## Entries provided
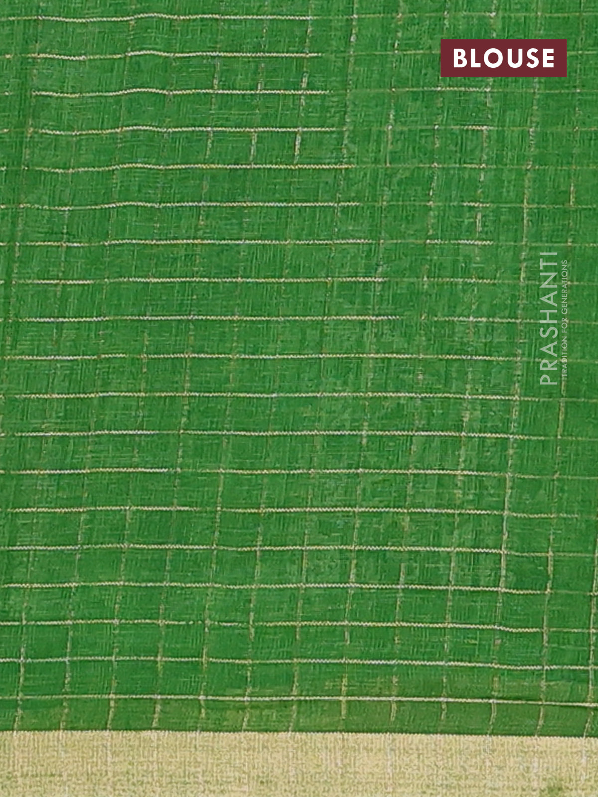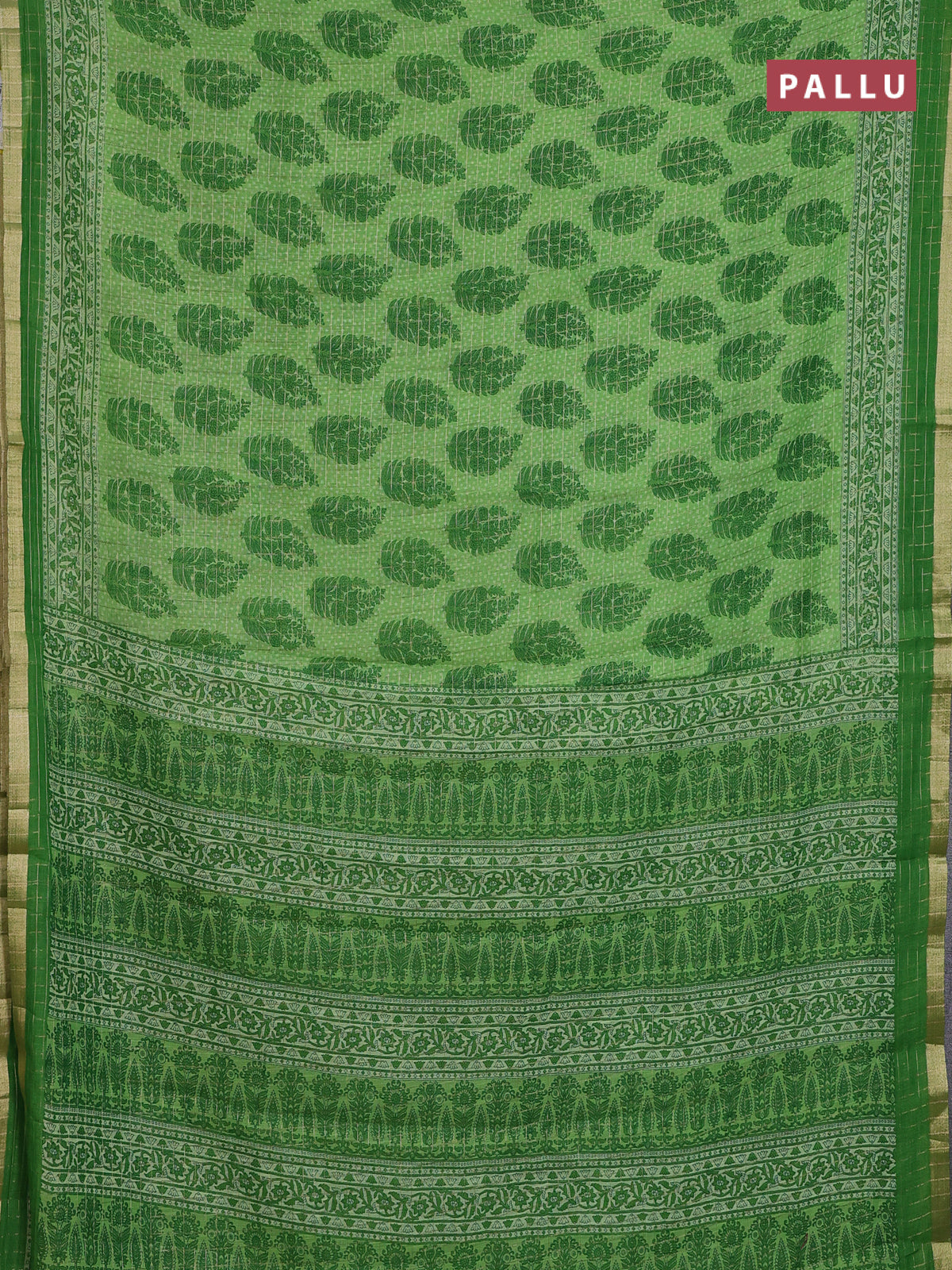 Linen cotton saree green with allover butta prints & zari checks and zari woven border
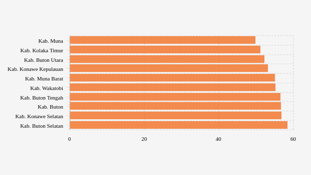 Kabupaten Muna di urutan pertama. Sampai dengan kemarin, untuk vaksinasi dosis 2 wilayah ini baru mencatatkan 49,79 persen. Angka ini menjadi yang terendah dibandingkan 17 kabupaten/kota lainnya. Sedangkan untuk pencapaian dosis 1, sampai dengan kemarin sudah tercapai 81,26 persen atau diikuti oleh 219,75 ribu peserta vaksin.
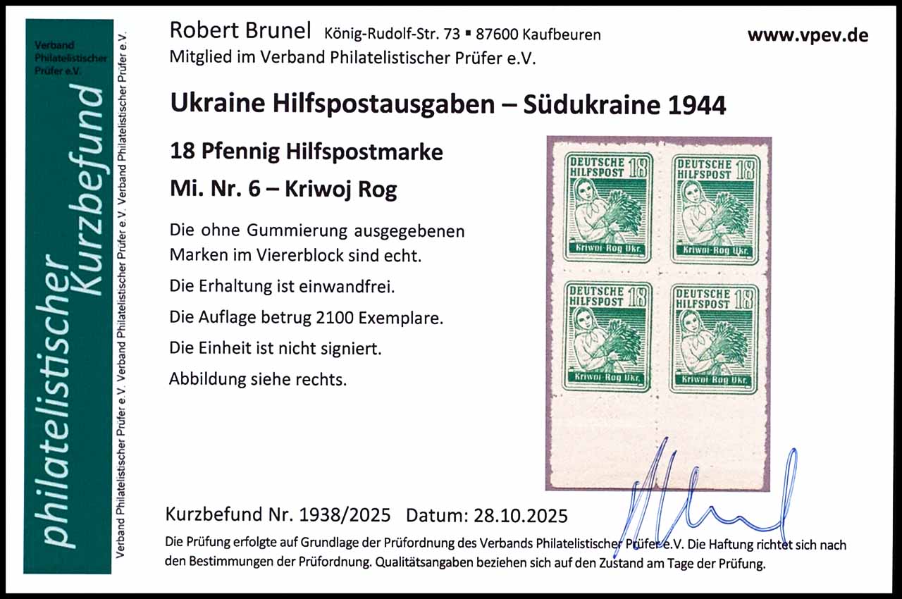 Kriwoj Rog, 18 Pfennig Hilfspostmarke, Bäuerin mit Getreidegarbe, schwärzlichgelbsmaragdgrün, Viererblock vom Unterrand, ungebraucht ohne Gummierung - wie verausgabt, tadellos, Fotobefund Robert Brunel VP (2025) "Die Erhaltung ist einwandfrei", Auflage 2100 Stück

* * *

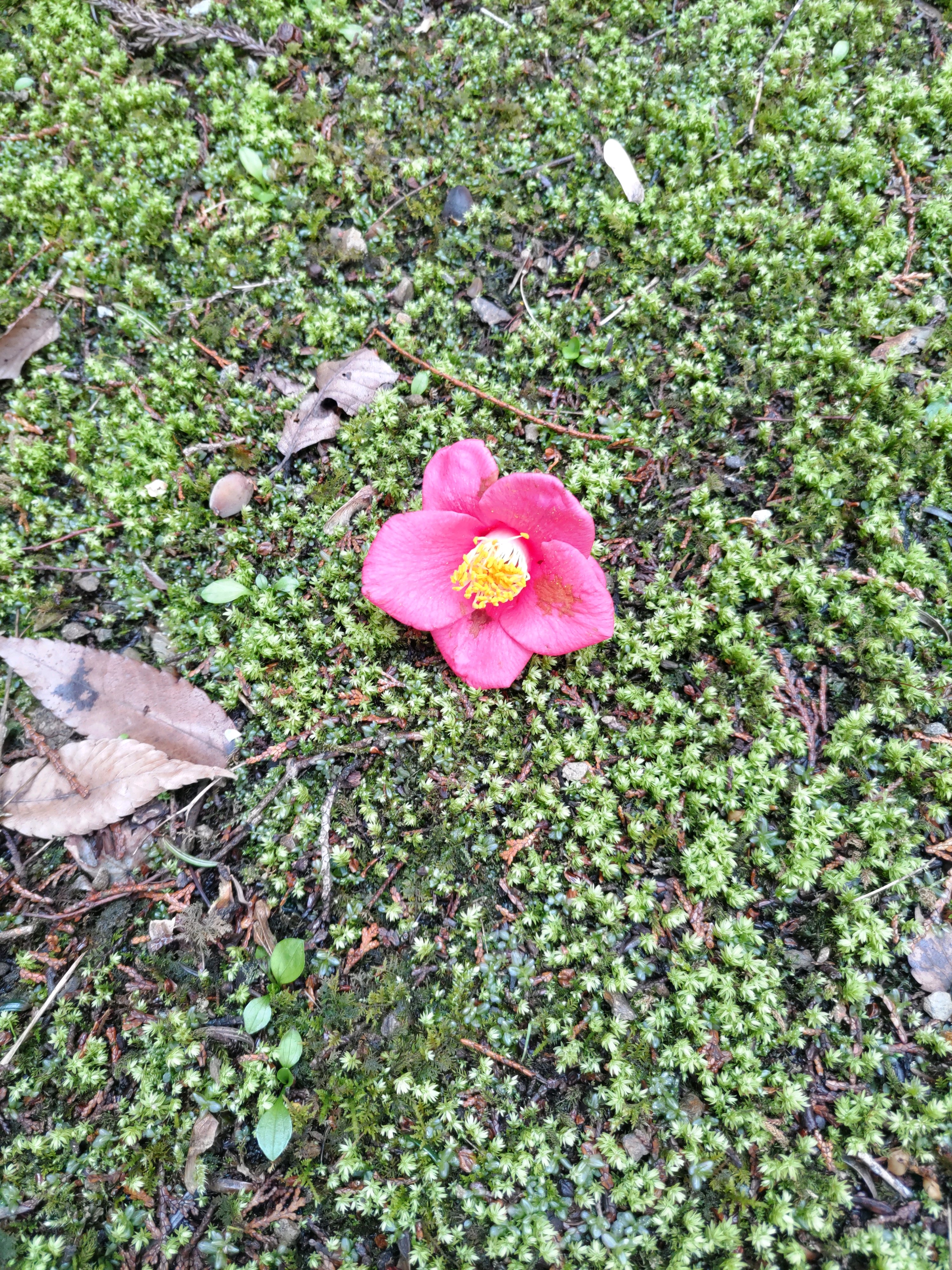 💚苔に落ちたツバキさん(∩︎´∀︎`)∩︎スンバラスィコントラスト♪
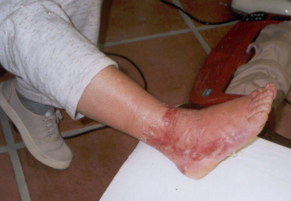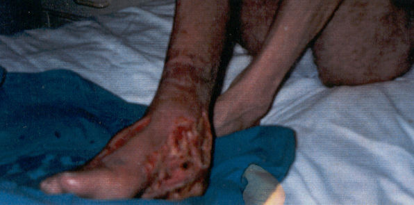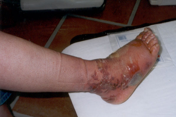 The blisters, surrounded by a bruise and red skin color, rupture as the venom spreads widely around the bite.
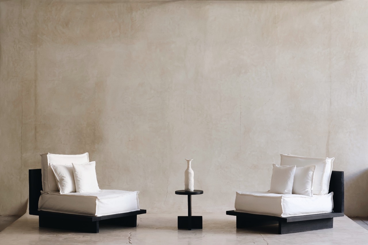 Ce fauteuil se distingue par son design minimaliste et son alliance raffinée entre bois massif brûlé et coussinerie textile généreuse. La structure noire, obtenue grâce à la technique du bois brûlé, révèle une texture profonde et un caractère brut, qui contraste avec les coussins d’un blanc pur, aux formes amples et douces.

--

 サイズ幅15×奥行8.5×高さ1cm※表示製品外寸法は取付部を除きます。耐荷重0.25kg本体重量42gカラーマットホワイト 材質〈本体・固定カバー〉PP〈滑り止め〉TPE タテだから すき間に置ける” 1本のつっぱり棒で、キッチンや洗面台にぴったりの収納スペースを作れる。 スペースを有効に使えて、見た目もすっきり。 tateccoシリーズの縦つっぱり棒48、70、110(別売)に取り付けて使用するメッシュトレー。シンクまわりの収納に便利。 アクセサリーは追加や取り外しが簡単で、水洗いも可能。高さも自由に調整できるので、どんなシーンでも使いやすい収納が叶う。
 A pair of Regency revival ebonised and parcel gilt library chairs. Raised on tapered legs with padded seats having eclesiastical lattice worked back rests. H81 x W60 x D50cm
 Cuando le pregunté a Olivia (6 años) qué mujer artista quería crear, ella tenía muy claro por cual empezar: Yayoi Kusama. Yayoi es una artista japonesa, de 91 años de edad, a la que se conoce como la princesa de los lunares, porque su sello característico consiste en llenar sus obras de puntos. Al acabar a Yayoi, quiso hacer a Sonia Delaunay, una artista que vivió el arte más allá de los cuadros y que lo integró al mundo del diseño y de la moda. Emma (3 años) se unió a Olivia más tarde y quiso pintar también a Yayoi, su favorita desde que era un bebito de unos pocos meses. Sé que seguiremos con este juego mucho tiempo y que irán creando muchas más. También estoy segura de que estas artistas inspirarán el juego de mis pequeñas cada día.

## Problem statement
Give back exactly the lines above that run from the one with "Linen cotton saree" to the one with "Kabupaten Muna di", including both, with the pictures left out.

## Result of the exercise
 Linen cotton saree green with allover butta prints & zari checks and zari woven border
 Kabupaten Muna di urutan pertama. Sampai dengan kemarin, untuk vaksinasi dosis 2 wilayah ini baru mencatatkan 49,79 persen. Angka ini menjadi yang terendah dibandingkan 17 kabupaten/kota lainnya. Sedangkan untuk pencapaian dosis 1, sampai dengan kemarin sudah tercapai 81,26 persen atau diikuti oleh 219,75 ribu peserta vaksin.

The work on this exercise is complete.